Clinical characteristics, muscle volume, and physical performance of the participants
| Total (n = 213) | Men (n = 68) | Women (n = 145) | p | |
|---|---|---|---|---|
| Age (year) | 77.8 ± 5.3 | 79.0 ± 4.8 | 77.3 ± 5.4 | .032 |
| Height (cm) | 154.4 ± 8.2 | 163.7 ± 5.5 | 150.1 ± 5.1 | <.001 |
| Body weight (kg) | 54.2 ± 9.5 | 62.2 ± 9.6 | 50.5 ± 9.5 | <.001 |
| Body mass index | 22.6 ± 2.9 | 23.2 ± 2.9 | 22.4 ± 2.8 | .064 |
| Cre (mg/dl) | 0.80 ± 0.47 | 0.90 ± 0.18 | 0.75 ± 0.55 | .026 |
| CysC (mg/L) | 1.03 ± 0.36 | 1.10 ± 0.26 | 0.99 ± 0.40 | .054 |
| Cre/CysC | 0.77 ± 0.12 | 0.84 ± 0.11 | 0.74 ± 0.11 | <.001 |
| eGFRcre (ml/min/1.73 m2) | 63.3 ± 13.3 | 64.2 ± 11.7 | 62.8 ± 13.9 | .485 |
| eGFRcys (ml/min/1.73 m2) | 67.0 ± 15.9 | 64.6 ± 16.3 | 68.2 ± 15.6 | .123 |
| eGFRcys/eGFRcre | 1.06 ± 0.16 | 1.00 ± 0.16 | 1.09 ± 0.15 | <.001 |
| CKDcre, n (%) | 75 (35.2) | 22 (32.4) | 53 (36.6) | .645 |
| CKDcys, n (%) | 64 (30.0) | 26 (38.2) | 38 (26.2) | .080 |
| eGFRcys/eGFRcre <1.0, n (%) | 78 (36.6) | 36 (52.9) | 42 (29.0) | <.001 |
| Skeletal muscle mass index (SMI) | 6.33 ± 0.90 | 7.28 ± 0.72 | 5.89 ± 0.57 | <.001 |
| Skeletal muscle mass (SMM) (kg) | 15.8 ± 3.6 | 19.6 ± 2.7 | 13.3 ± 1.7 | <.001 |
| Grip power (kg) | 25.7 ± 6.6 | 33.0 ± 5.2 | 22.3 ± 3.8 | <.001 |
| Knee extension muscle strength (Nm) | 303.1 ± 98.7 | 380.3 ± 101.5 | 266.9 ± 73.6 | <.001 |
| Usual gait speed (m/s) | 1.39 ± 0.22 | 1.36 ± 0.20 | 1.41 ± 0.22 | .150 |
| Maximal gait speed (m/s) | 1.78 ± 0.28 | 1.82 ± 0.30 | 1.76 ± 0.26 | .109 |
| Tongue pressure (kPa) | 33.3 ± 8.4 | 33.7 ± 9.1 | 33.1 ± 8.1 | .644 |
| Number of teeth, n | 19.1 ± 9.0 | 17.9 ± 9.9 | 19.6 ± 8.6 | .190 |
| Number of low tongue pressure, n (%) | 74(34.7) | 23(33.8) | 51(35.1) | .847 |
| Occlusal force (kgf) | 44.8 ± 34.7 | 46.2 ± 40.1 | 44.1 ± 32.0 | .693 |
Among the 213 participants, 74 (23 men, and 51 women) had low tongue pressure. In total, 67 (22 men, 45 women) participants had low eGFRcre (CKDcre), and 64 (26 men, 38 women) had low eGFRcys (CKDcys). In total, 78 participants (36 men, 42 women) had a low eGFRcys/eGFRcre ratio (<1.0).

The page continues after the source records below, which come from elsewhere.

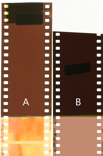 其中 A 沖洗的時候顯影液兌水,模擬藥水不新鮮或失效,而 B 是新鮮藥水標準制作。
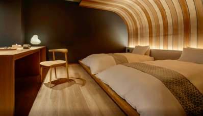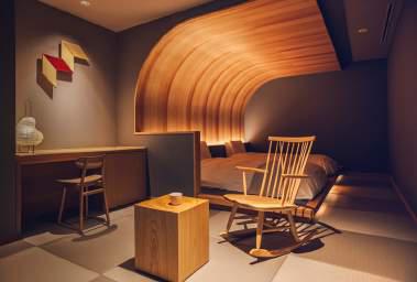 The modern headboard that covers the bed in a KAI Signature room is made with “mageki", a renowned wood bending technique from Hida. The technique of “Suki-urushi" used in the making of “Hida-Shunkei", a lacquerware from Takayama in Gifu, is used to bring out the grain of the wood in the wall arts that adorn the rooms.
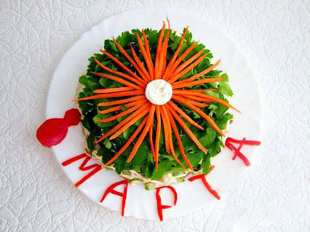 Поэтому, на праздничный стол восьмого марта хочется подать всё очень красивое, оригинальное и стильно оформленное. Даже салаты на восьмое марта превращаются в нечто невероятное и божественно прекрасное.
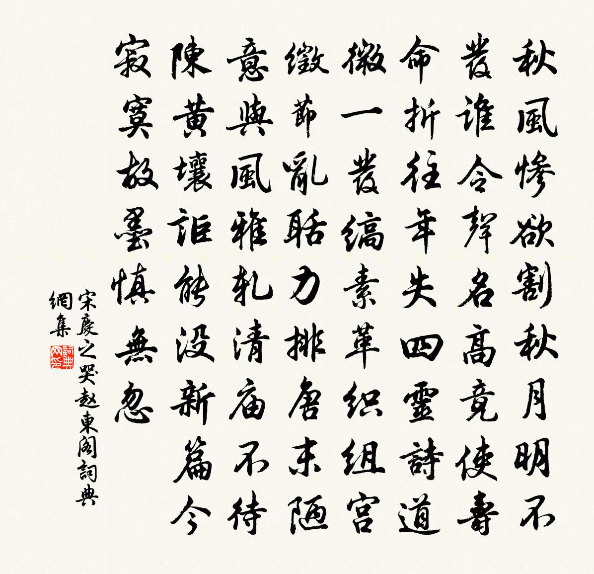 詩詞名句歷史字典書法欣賞書法字典國語詞典說文解字康熙字典古漢語字典標 題 作 者 詩 句 哭趙東閣作者:宋慶之 朝代:宋代哭趙東閣原文秋風慘欲割,秋月明不發。誰令聲名高,竟使壽命折。往年失四靈,詩道微一發。縞素革織組,宮徵節亂聒。力排唐末陋,意與風雅軋。清廟不待陳,黃壤詎能沒。新篇今寂寞,故墨慎無忽。詩詞問答問:哭趙東閣的作者是誰?答:宋慶之問:哭趙東閣寫於哪個朝代?答:宋代宋慶之哭趙東閣書法欣賞哭趙東閣書法作品詩詞推薦月石吳頤〔宋代〕嫦娥促輕車,翩翩下瑤城。窮幽得靈山,意欲家平生。隳石擬素魄,神功夜無聲。佳桂願托根,老兔祈偕行。上帝題經樓語釋印肅〔宋代〕般若貫華嚴,涅槃通寶積。迷則龍宮海藏,悟則一字不識。教演三伯余會,度人無數百億。如今滿目放光明,十二早朝書事司馬光〔宋代〕太白明如李,東方三丈高。晨光孤照闕,霧氣濕侵袍。槐柳經霜慘,驊騮得路豪。素飧無小補,府仰愧金鰲。村莊即事耕吳〔宋代〕菊過重陽尚吐香,晚秋風景屬村莊。日羹野菜同妻飯,時傅鄰篘對客觴。霜後樹枝多老醜,雨餘山色半微茫。近來庵中雜書陸游〔宋代〕茅茨一室有餘樂,轍環四海誰知心?輟耕壟上鴻鵠志,長嘯山中鸞鳳音。和秦奉之題蘄春驛浸月軒王之道〔宋代〕千山初過雨,萬籟不鳴風。寶鑑沉寒水,冰輪上太空。竹梢低蘸碧,楓葉冷浮紅。終欲金沙去,經營一畝宮。題耕織圖二十四首奉懿旨撰趙孟頫〔元代〕冬至陽來復,草木漸滋萌。君子重其然,吾道自此亨。父母坐堂上,子孫列前榮。再拜稱上壽,所願百福並。人生池亭獨坐李彌遜〔宋代〕物華苒苒競芳新,六月紅蕖自作春。走馬看花傳好句,長梯摘實賴幽人。雨餘門巷無留客,月上池台絕過塵。為約晚投慈恩寺呈俊上人許渾〔唐代〕雙岩瀉一川,十里絕人煙。古廟陰風地,寒鍾暮雨天。沙虛留虎跡,水滑帶龍涎。不及曹溪侶,空林已夜禪。鷓鴣天(霜夜)趙長卿〔宋代〕門外寒江泊小船。月明留客小窗前。夜香燒盡更聲遠,斗帳低垂暖意生。醺著酒,炙些燈。伴他針線懶成眠。情知大滿禪師贊釋慧開〔宋代〕再出頭來滿面塵,那堪喜舌興搖唇。松枯石爛憑誰委,累及痴呆蹈碓人。殘春獨來南亭因寄張祜杜牧〔唐代〕暖雲如粉草如茵,獨步長堤不見人。一嶺桃花紅錦黦,半溪山水碧羅新。高枝百舌猶欺鳥,帶葉梨花獨送春。仲蔚名利吟邵雍〔宋代〕重之以名,見人之情。厚之以利,見人之意。情意內也,內重則外輕。名利外也,內賤則外貴。庵中獨居感懷陸游〔宋代〕自閉庵門不點燈,惰耕村叟罷參僧。一生已是膠黏日,投老安能夏造冰?頑面敢辭乾汝唾,蔬餐聊得曲吾肱。高舂寄長沙燕守度鄭獬〔宋代〕魏都南館相逢日,鬧向春風倒一尊。連夜花開駐歸騎,即時席上插降旛。雲藏夢澤煙蒲老,秋卷湘江雪浪翻。聞道次韻答樊山 其二王冕〔元代〕功名多跋涉,貧賤得安閒。坐石聽流水,開樓見遠山。報衙蜂澒洞,悅景鳥綿蠻。更愛斜陽外,游雲作陣還。句宋祁〔宋代〕要待花餘見秋實,縹肌細肉薦盤珍。調李教授李復〔宋代〕君不見屈平放逐南辭楚,憔悴行吟並江浦。一聞鼓枻笑獨醒,搔首低回愧漁父。又不見淵明鼓澤投簪纓,退隱衡門車制華岳〔宋代〕昔年劉震帥池陽,曾制輕車學運糧。獨輻不堪承重向,至今零落在行廓。留題石經院三首蘇轍〔宋代〕盤曲山前路,流年向此消。興亡須一吊,范叟臥山腰。名句推薦釀泉為酒,泉香而酒洌;歐陽修《醉翁亭記》 向來吟秀句,不覺已鳴鴉。韓翃《酬程延秋夜即事見贈》 送行無酒亦無錢,勸爾一杯菩薩泉。蘇軾《武昌酌菩薩泉送王子立》 問弄雪飄枝,無雙亭上,何日重遊。鄭覺齊《揚州慢·瓊花》 野臣潛隨擊壤老,日下鼓腹歌可封。鮑防《元日早朝行》 事有所出,功有所止。劉向《戰國策·趙二·武靈王平晝閒居》 岸邊兩兩三三,浣沙游女。柳永《夜半樂·凍雲黯淡天氣》 老柘葉黃如嫩樹,寒櫻枝白是狂花。白居易《早冬》 不似天涯,捲起楊花似雪花。蘇軾《減字木蘭花·立春》 撥雪尋春,燒燈續晝。暗香院落梅開後。毛滂《踏莎行·元夕》
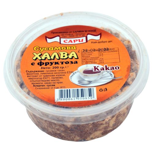Насладете се на традиционния вкус на Сари сусамова халва, обогатена с какао и подсладена с фруктоза. Тази деликатна и ароматна халва е перфектният избор за тези, които търсят балансирано сладко изкушение с богат сусамов тахан.
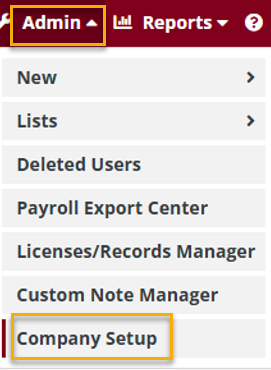1. Navigate to Company Setup under the Admin tab and select Electronic Visit Verification.
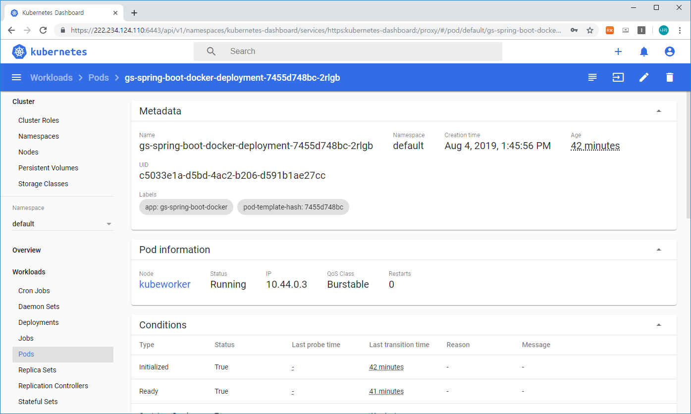 a40304c7fc04 nara0617/gs-spring-boot-docker "sh -c 'java $JAVA_O 47 minutes ago Up 47 minutes k8s_gs-spring-boot-docker_gs-spring-boot-docker-deployment-7455d748bc-2rlgb_default_c5033e1a-d5bd-4ac2-b206-d591b1ae27cc_0

Table 2 reports the correlations between tongue pressure and age, height, body weight, BMI, the parameters of muscle volume‐based BIA (such as SMI and SMM), muscle strength and physical function parameters (grip power, knee extension muscle strength, usual gait speed, and maximal gait speed), number of teeth, and occlusal force.
Table 2.
Correlations between tongue pressure and the parameters of clinical characteristics, muscle volume, and physical performance
| Men (n = 68) | Women (n = 145) | |||
|---|---|---|---|---|
| r | p | r | p | |
| Age (year) | −.66 | <.001 | −.31 | <.001 |
| Height (cm) | .26 | .029 | .06 | .474 |
| Body weight (kg) | .24 | .050 | .18 | .030 |
| Body mass index | .14 | .248 | .16 | .058 |
| Cre (mg/dl) | −.20 | .110 | −.08 | .330 |
| CysC (mg/L) | −.40 | <.001 | −.13 | .122 |
| Cre/CysC | .35 | .003 | .04 | .664 |
| eGFRcre (ml/min/1.73 m2) | .23 | .062 | .13 | .126 |
| eGFRcys (ml/min/1.73 m2) | .38 | .002 | .19 | .025 |
| eGFRcys/eGFRcre | .39 | .001 | .09 | .281 |
| Skeletal muscle mass index (SMI) | .27 | .024 | .21 | .012 |
| Skeletal muscle mass (SMM) (kg) | .33 | .006 | .19 | .019 |
| Grip power (kg) | .33 | .006 | .28 | <.001 |
| Knee extension muscle strength (Nm) | .38 | .001 | .32 | <.001 |
| Usual gait speed (m/s) | .20 | .108 | .21 | .011 |
| Maximal gait speed (m/s) | .33 | .006 | .25 | .002 |
| Number of teeth, n | .12 | .340 | −.09 | .276 |
| Occlusal force (kgf) | .26 | .031 | .08 | .370 |
Consistent with previous reports, age, SMI, SMM, grip power, and knee extension muscle strength were significantly correlated with tongue pressure in men and women. Interestingly, eGFRcys, but not eGFRcre, were positively correlated with tongue pressure. Cre/CysC and eGFRcys/eGFRcre were positively correlated with tongue pressure in men but not in women. Maximal gait speed was positively correlated with tongue pressure in men and women. Usual gait speed was positively correlated with tongue pressure in women but not in men. The number of teeth was not correlated with tongue pressure. However, the occlusal force was positively correlated with tongue pressure only in men.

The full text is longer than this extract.